In the book and the movie The Natural, the main character wants nothing more than to walk down the street and have people say, “There goes Roy Hobbs, the best there ever was.” Who was the best baseball player you ever saw?
That was a great book, and let me take this opportunity to recommend it to folks who only saw the movie. It’s such a rich story, and – spoiler alert – the book has a much different ending.
The best player of my lifetime was Barry Bonds, and nobody else was close. You might make an argument for Henry Aaron or Willie Mays, and I only got to see each of them at the tale end of their careers. But for my money, nobody was as uniquely great as Bonds was in every facet of the game. A disciplined hitter. Tremendous power. Great speed both in the outfield and on the base paths, but more than just raw talent. Kind of prickly, yes, and tainted by steroids, but the best I ever saw.
A guy like Mike Trout might surpass him, and he is certainly off to a great start. But the hardest part is continuing to play well into your thirties and beyond. We’ll just have to wait and see where he ends up.
Our final question is really just a collection of short answers…
What was your favorite baseball team growing up?
I grew up in Cincinnati in the 1970s so I was and remain a huge fan of the Reds. I fell in love with baseball when I was listening to Reds games on the radio in my bedroom every night, following along and looking at baseball cards to learn more about the players.
Who was your favorite player?
I first got interested in baseball as a young kid while following Henry Aaron’s pursuit of the all-time home run record. He retired a few years later and as I said, I only got to see the tail end of his career. As a Reds fan in the 1970s, Pete Rose was my favorite, and later it was their great centerfielder Eric Davis.
What is your most prized collectible?
I’m not really much of a memorabilia collector, but I have way too many baseball books. I have some really old ones and some autographed by writers I really admire.
Who is your favorite musical group or artist?
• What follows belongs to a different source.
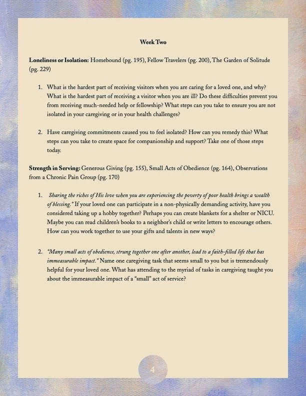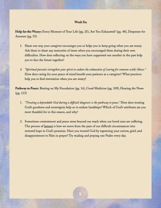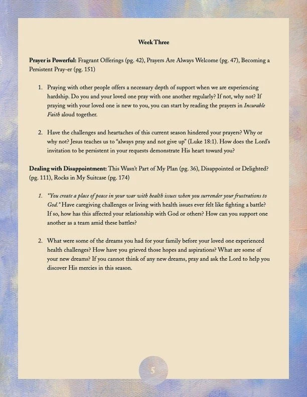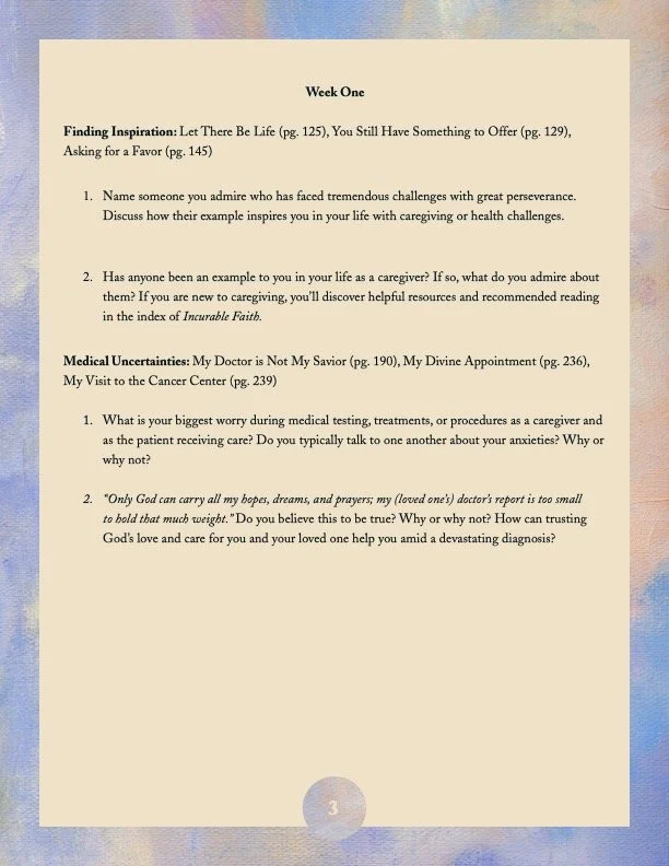 I’ve created a free Incurable Faith caregiver guide to encourage and uplift those who help others. Those who prefer to print a downloadable pdf may use this link: Incurable Faith Caregiver Guide. Please feel free to forward this guide to anyone who might benefit from it!
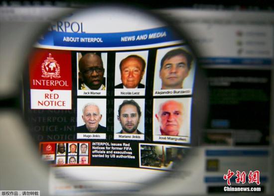 当地时间2015年6月3日,国际刑事警察组织以敲诈和腐败指控,将6名与国际足联(FIFA)有关的官员列入头号通缉犯。

Grew up listening to the Beatles and Bob Dylan, but I love all kinds of music. The Beastie Boys have always been one of my favorites. During the pandemic, I’ve been listening to a lot of the contemplative songs of Wilco. They seem to speak to the experience we’re all going through, for me at least.
What is your favorite food (if it is pizza, what is your favorite pizza restaurant)?
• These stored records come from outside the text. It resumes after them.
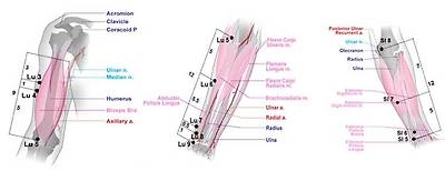 상완요골근(협백, 척택, 공최)-엄지 기저부(합곡)와 손목에 방사 / 외측상과에도 통증을 방사하기도.
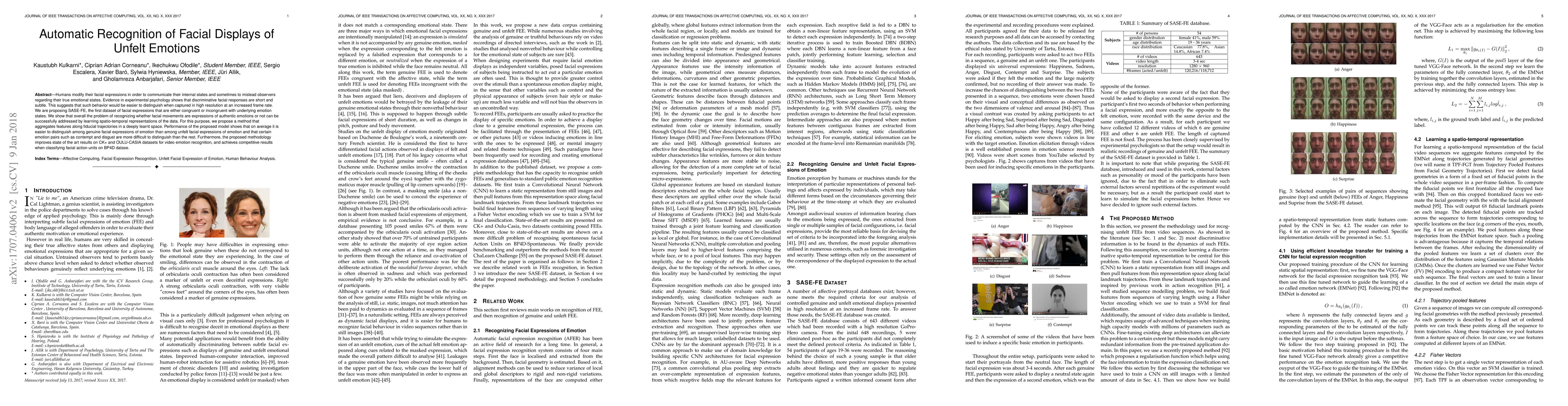 Humans modify their facial expressions in order to communicate their internal states and sometimes to mislead observers regarding their true emotional states. Evidence in experimental psychology shows that discriminative facial responses are short and subtle. This suggests that such behavior would be easier to distinguish when captured in high resolution at an increased frame rate. We are proposing SASE-FE, the first dataset of facial expressions that are either congruent or incongruent with underlying emotion states. We show that overall the problem of recognizing whether facial movements are expressions of authentic emotions or not can be successfully addressed by learning spatio-temporal representations of the data. For this purpose, we propose a method that aggregates features along fiducial trajectories in a deeply learnt space. Performance of the proposed model shows that on average it is easier to distinguish among genuine facial expressions of emotion than among unfelt facial expressions of emotion and that certain emotion pairs such as contempt and disgust are more difficult to distinguish than the rest. Furthermore, the proposed methodology improves state of the art results on CK+ and OULU-CASIA datasets for video emotion recognition, and achieves competitive results when classifying facial action units on BP4D datase.
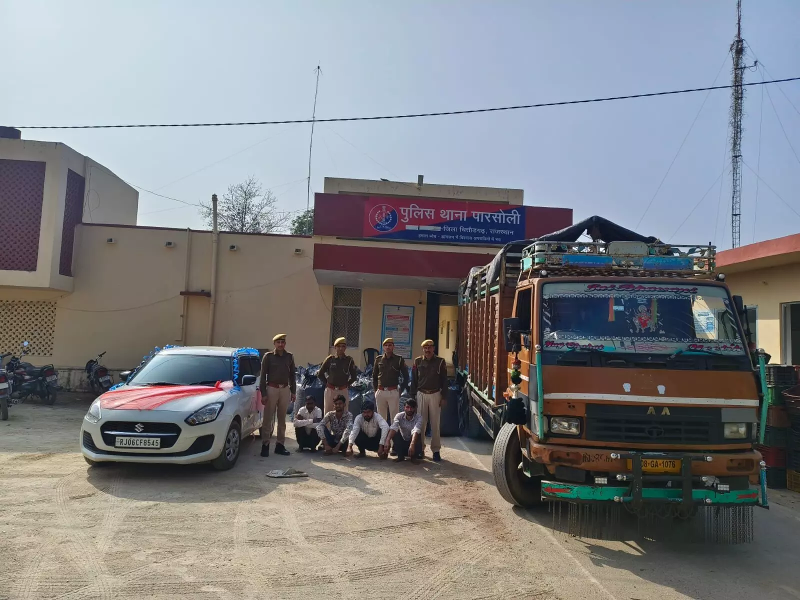 पुलिस अधीक्षक सुधीर जोशी ने बताया कि पुलिस मुख्यालय जयपुर, राजस्थान द्वारा मादक पदार्थों के विरुद्ध कार्यवाही हेतु चलाये जा रहे विशेष अभियान के अन्तर्गत एएसपी रावतभाटा भगवत सिंह व डीएसपी बेगूं अंजलि सिंह के निर्देशन में थानाधिकारी पारसोली प्रेमसिंह के नेतृत्व में कानि मनोज, प्रीतम, शीशराम, जितेन्द्र, रतनसिंह व हरिकृष्ण द्वारा मादक पदार्थों की धरपकड हेतु गश्त की जा रही थी। गश्त के दौरान सूचना के आधार पर हाईवे रोड पारसोली बस स्टेण्ड पर नाकाबंदी की जाकर आकस्मिक चेकिंग की जा रही थी। नाकाबंदी के दौरान चितौडगढ की तरफ से एक मारुति सुजुकी स्विफ्ट कार आई, जिसमें सवार दो युवको को रुकवाकर नाम पता पूछते हुए रात्री के समय घूमने का कारण पूछा गया तो दोनो पुलिस को देखकर घबरा गए। युवको ने अपना नाम पारसोली थाने के तोरणिया निवासी सांवरिया लाल पुत्र कन्हैयालाल गुर्जर व पारसोली थाने के उमरथूना निवासी गौरीलाल उर्फ गौरुलाल पुत्र भैरुलाल गुर्जर बताया। रात्री के समय घूमने के संबंध में कोई जवाब नहीं दे सके। कार में सवार युवको से कडाई से पूछताछ करने पर राजगढ़ की तरफ से अफीम डोडाचूरा से भरा हुआ ट्रक आना एवं ट्रक के आगे आगे चलकर पायलेटिंग करना बताया। दोनो युवको से पूछताछ के दौरान चितौडगढ से एक ट्रक आया जिसके पीछे की बॉडी पर काला तिरपाल बांधा हुआ था। ट्रक को रुकवाकर तलाशी ली गई तो ट्रक के केबिन में दो व्यक्ति मिले।जिनके नाम पते पूछने पर दोनो ने अपना नाम बेगूं थाने के झाला मस्जिद के पास सलावटो का मोहल्ला बेगूं निवासी वसीम खां उर्फ पाले खां पुत्र मोहम्मद रफीक व रिजवान हुसैन पुत्र जमील खां पठान होना बताया।
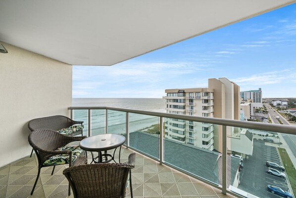 This lovely 2-bedroom, 2-bathroom condo can accommodate up to 4 people. Tastefully furnished, it has king-sized beds in both the bedrooms, a sleeper sofa in the living room, and Jacuzzi tubs in the bathrooms. The tiled living area features a spacious corner suite with a large sectional and sliding doors out to the balcony. There is an eating area with a table and chairs, and bar stools at the kitchen counter. There is also a table and chairs on the balcony for alfresco meals and sundowners. Although set back from the beach, the unit has lovely ocean views from the balcony. Blue Water Keyes is one of the newest resorts in North Myrtle Beach. Escape the ordinary and experience tropical luxuries found in the Keyes with amenities that include a large outdoor pool and lazy river, kiddie pool, hot tub, indoor pool, sundeck, and fitness center, all just footsteps from the ocean. Blue Water Keyes also offers a courtyard on the sixth floor that offers scenic views of historic Ocean Boulevard. Located in the Crescent Beach section of North Myrtle Beach, Blue Water Keyes is within minutes from all the action on Main Street to the north, and renowned shopping and dining at Barefoot Landing to the south. The beach at Blue Water Keyes is very close to oceanfront parasailing and banana boat rides, something exclusive to the Crescent Beach area.
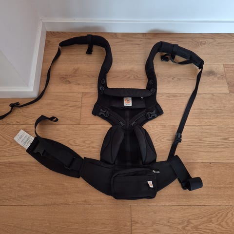 Ergobaby Omni 360 Cool Air Mesh Grey. Kan anvendes fra nyfødt, indsats ikke nødvendig. Købt fra ny og ikke brugt ret meget. Har lidt pletter fra barnevognen, se billede (ikke forsøgt fjernet). Ellers i god og pæn stand. Nypris 1600,-

Have always been a sucker for a good cheese burger, and Five Guys is my current favorite. I always loved Skyline Chili, too, which is a Cincinnati landmark but probably little known elsewhere. I haven’t lived in Cincinnati for nearly thirty years now, and it’s hard to get that authentic Cincinnati-style chili anywhere else.
Please share anything else you’d like with our audience…
Thanks for the invitation, and lets hope we can get through this pandemic so we can all get back out to the ballpark.
This was so great. We appreciate that you took this time with us. Keep up the great work. It’s people like you that provide so much to the people who love this sport.